On September 12, 1912, the Franco-Russian convention was ratified. Under the convention, which was signed by French Prime Minister Raymond Poincaré, France and Russia agreed to immediately mobilize their troops in the case of a German mobilization. The agreement was an expression of growing tensions between the major powers in the lead-up to World War I.

 

The signing of the agreement followed a meeting of the French and Russian general staffs that took place in Paris in July 1912, resulting in tentative agreement for joint action in the event of war. In August, Poincaré conducted a state visit to Russia, meeting Tsar Nicholas II and Russia’s foreign minister Sergei Sazonov.

Poincaré discussed strategic railroads that would aid a Russian mobilization against Germany, advised the Russians not to immediately intervene in the political instability in the Balkans, and advised Sazonov that the Franco-Russian military alliance did not extend to support for Russia in the event of a war with Austria-Hungary, a conflict in which French interests would not be directly affected. He also disclosed the Anglo-Franco Naval Convention, which implied British support for France in the event of war with Germany.

Growing Franco-Russian military ties developed in the context of the decline and decay of the Austro-Hungarian and Ottoman Empires on the eve of the First Balkan War, which began in early October. The Russian Tsarist autocracy was anxious to assert its interests and seize control of regions previously controlled by both Empires.

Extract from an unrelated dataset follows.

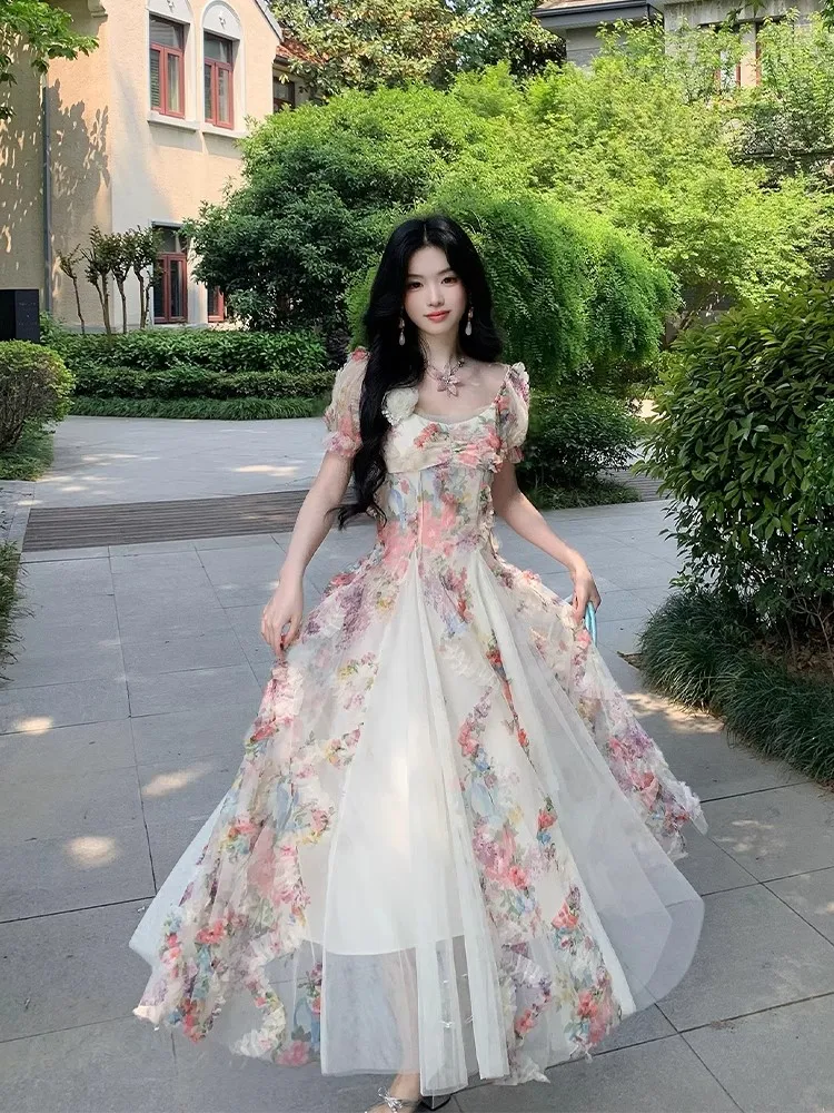 Keni plus Size Pure Desire Heavy Work Floral Strap Dress Women Summer Slightly Plump Atmosphere Roma...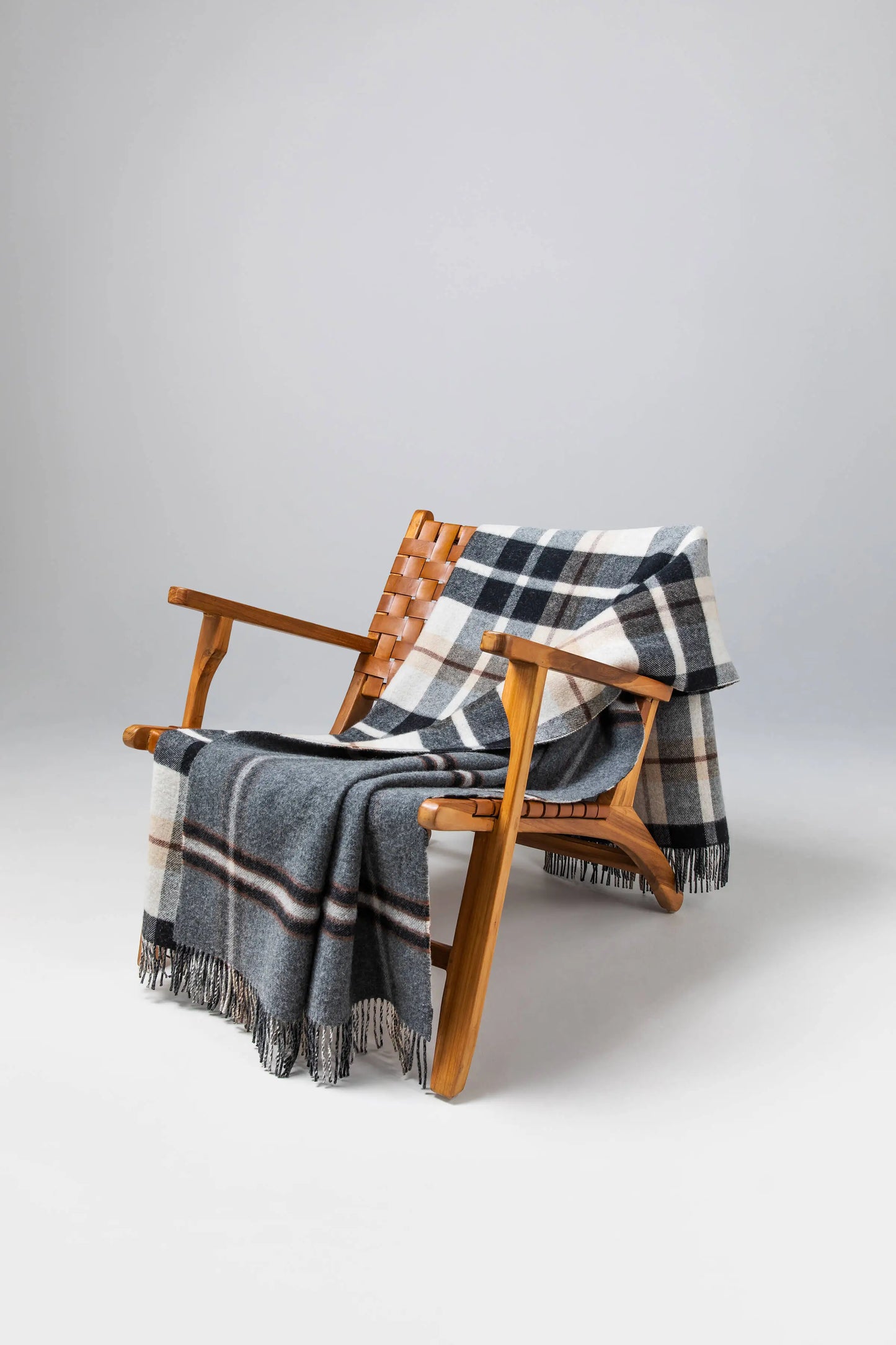 This iconic piece is made from highest quality lambswool fibres, woven in Elgin, Scotland – ensuring a level of quality that is unparalleled. It features two complementing designs, in shades of black, beige & brown, offering a traditional and stylish look that mirrors the colours of the Scottish countryside.

France was anxious to maintain close ties with Russia in order to improve its relative position in relation to the other major powers in Europe, particularly Germany, which had undergone a major industrial development, and was increasingly asserting its imperial interests internationally. However, French politicians were also concerned that Russia’s designs on Ottoman territory threatened French capital’s substantial investments in the Ottoman Empire.